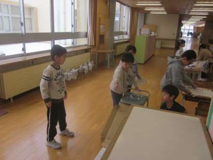 今日の4時間目に1年2組を招待して、おもちゃで遊びました。
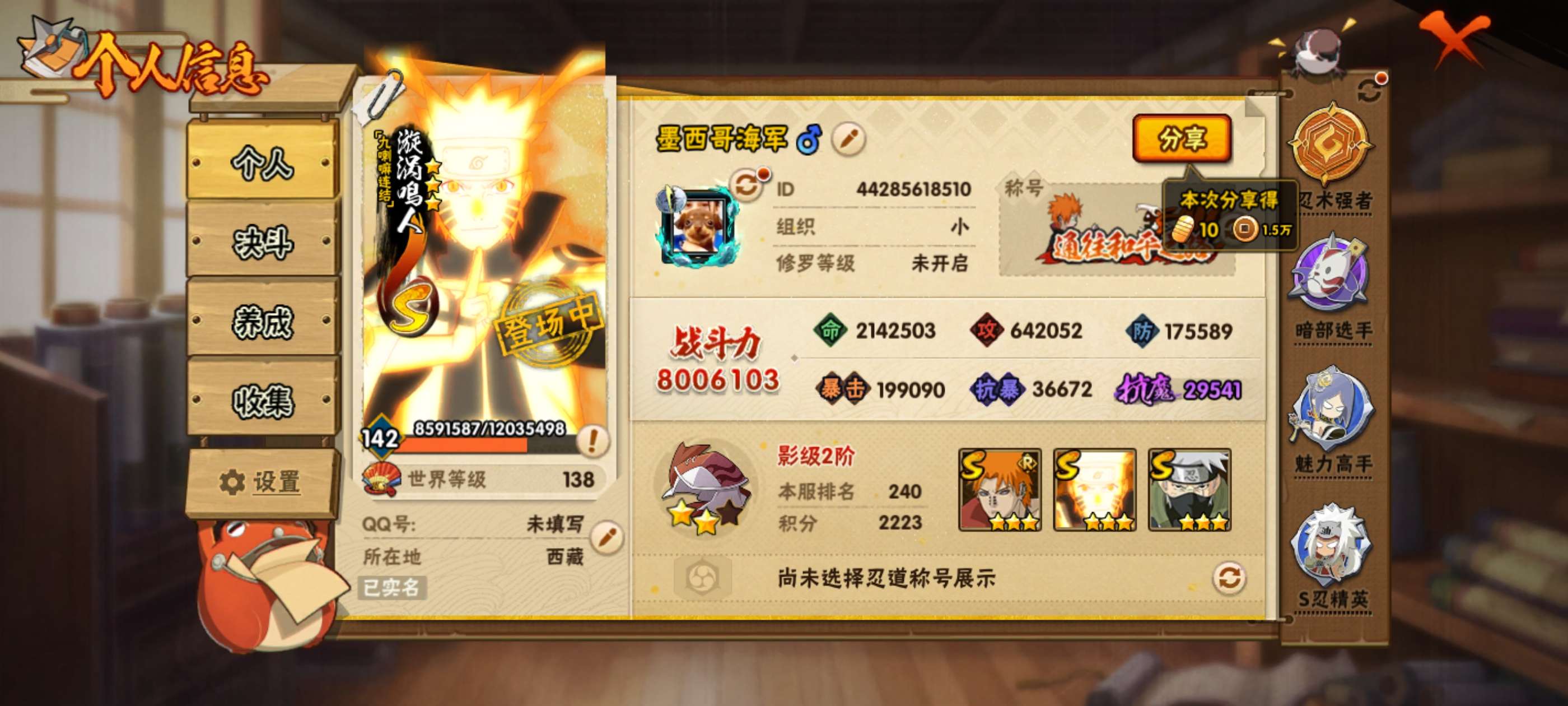 【安卓】仓鼠金币708号,141157金币,43张高招卷,1990限时点券,火影忍者手游QQ区,蜀面
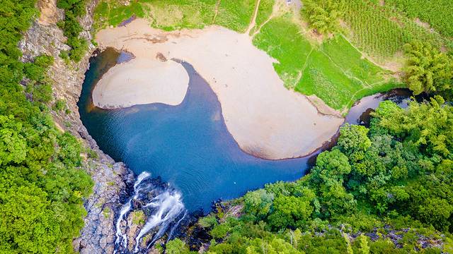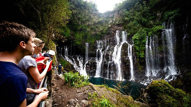 留尼汪可以说是一个盛产瀑布的岛屿,大大小小的瀑布数量惊人,不过即便如此,“大家来”也是其中较为知名的一个,不论是它的水量,还是它的面积,在众多瀑布中都属于名列前茅的。而我们今天的溯溪的第一道关卡,便和它有关。
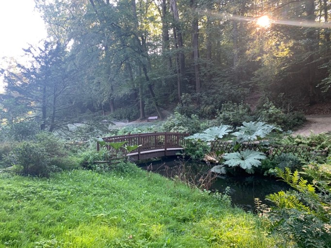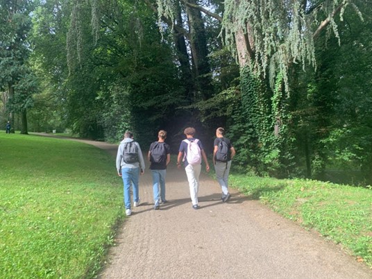 2ème temps : les élèves marchent par groupes le long des sentiers du parc, ils s’y perdent, ils laissent aller leurs pas, ils lèvent la tête pour observer en hauteur, ils écoutent les bruits du parc, ils cherchent des couleurs, des formes, ils passent les ponts de pierres, de bois, ils touchent les plantes, l’eau…
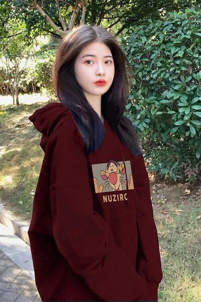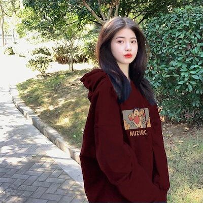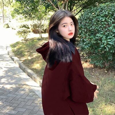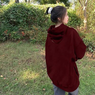バーガンディアメカジレトロトレーナーレディース春秋ゆったり着回しフード付き長袖トップス
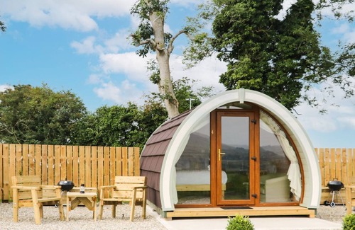 Armoy Pod 4 is a quirky single-storey pod resting in Armoy, County Antrim. Hosting a studio-style layout with a king-size bed, kitchenette and sitting area with en-suite walk-in shower, basin and WC, this property can sleep up to two guests. There is also off-road parking available in a communal car park, a private graveled area with furniture, fire pit and barbeque and a communal lawned area with furniture. For a romantic escape to rural Northern Ireland, choose a stay at Armoy Pod 4.
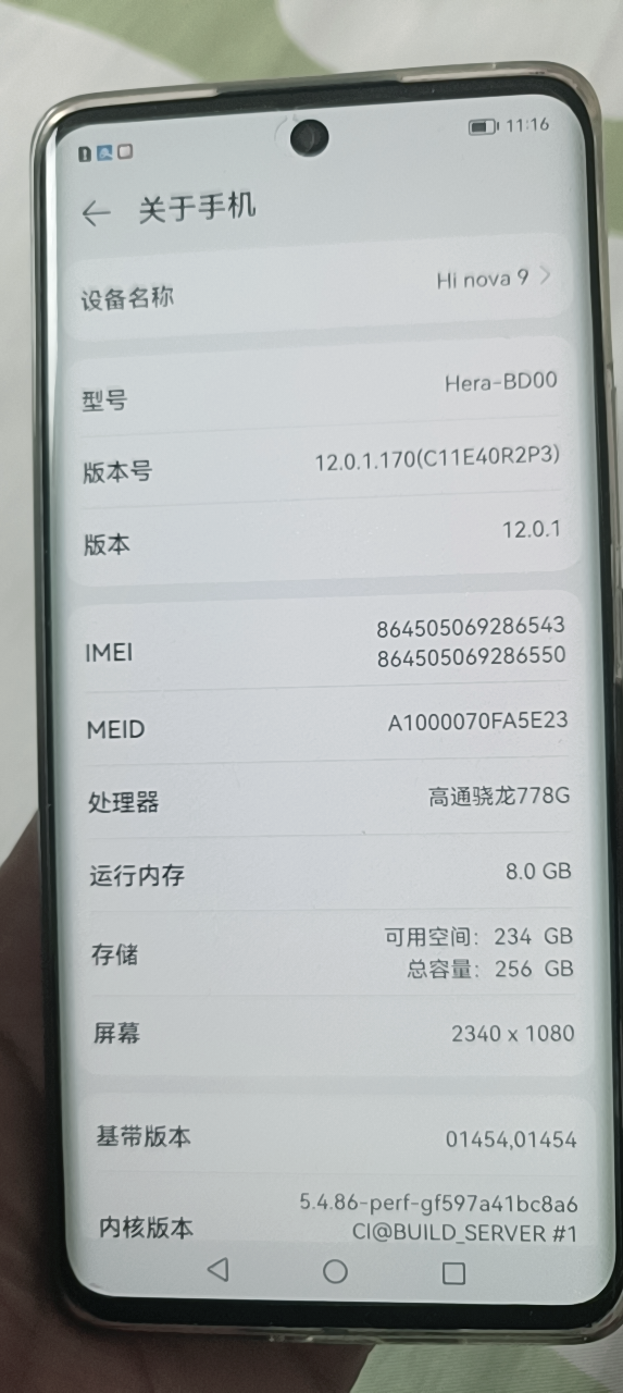 华为Hinova9,内存8+256
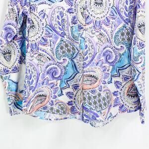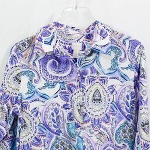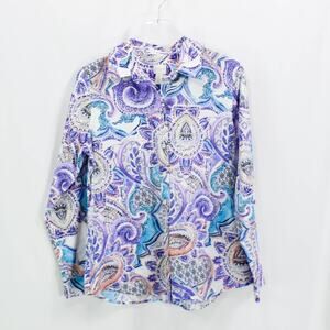 CHICO'S Purple Cotton Paisley Floral Button Down Blouse
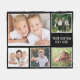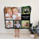 Crie um cobertor de manutenção de colagem personalizado de 5 fotos para aquele presente perfeito. Personalize com suas fotos de família, amigos, animais de estimação, memórias, eventos, fotografia, etc. em quadros brancos e adicione uma ou duas linhas de texto em uma simples tipografia branca contra fundo preto.
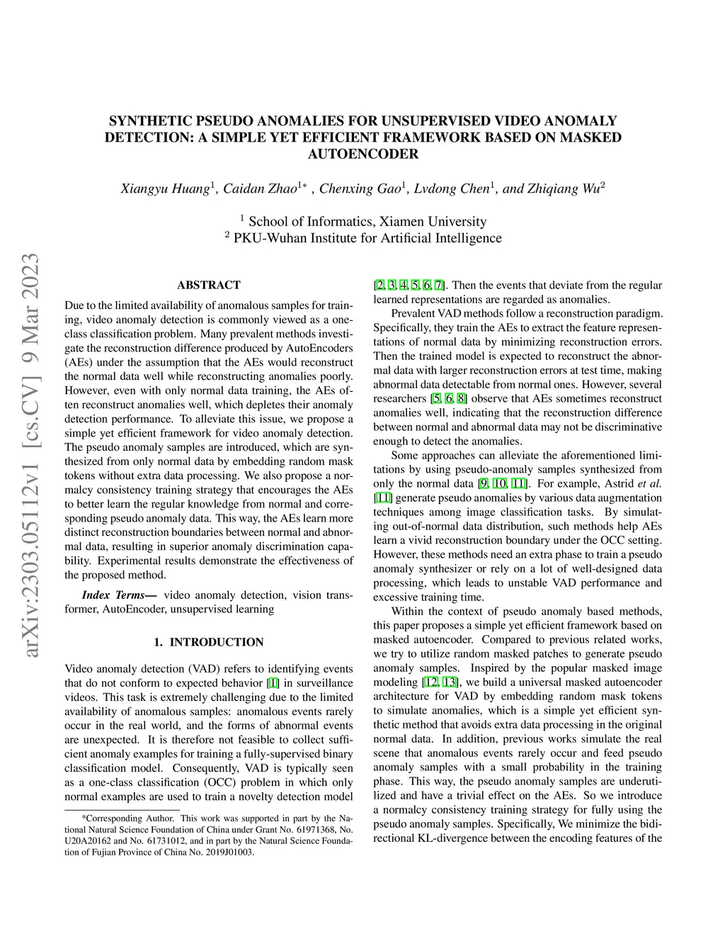 Due to the limited availability of anomalous samples for training, video anomaly detection is commonly viewed as a one-class classification problem. Many prevalent methods investigate the reconstruction difference produced by AutoEncoders (AEs) under the assumption that the AEs would reconstruct the normal data well while reconstructing anomalies poorly. However, even with only normal data training, the AEs often reconstruct anomalies well, which depletes their anomaly detection performance. To alleviate this issue, we propose a simple yet efficient framework for video anomaly detection. The pseudo anomaly samples are introduced, which are synthesized from only normal data by embedding random mask tokens without extra data processing. We also propose a normalcy consistency training strategy that encourages the AEs to better learn the regular knowledge from normal and corresponding pseudo anomaly data. This way, the AEs learn more distinct reconstruction boundaries between normal and abnormal data, resulting in superior anomaly discrimination capability. Experimental results demonstrate the effectiveness of the proposed method.

====================

[Task to complete] Exact copy, no pictures. Write out the lines in the entries above, starting with the line with "华为Hinova9,内存8+256" and going on through the line with "CHICO'S Purple Cotton", keeping both.

[Answer to this problem]
 华为Hinova9,内存8+256
 CHICO'S Purple Cotton Paisley Floral Button Down Blouse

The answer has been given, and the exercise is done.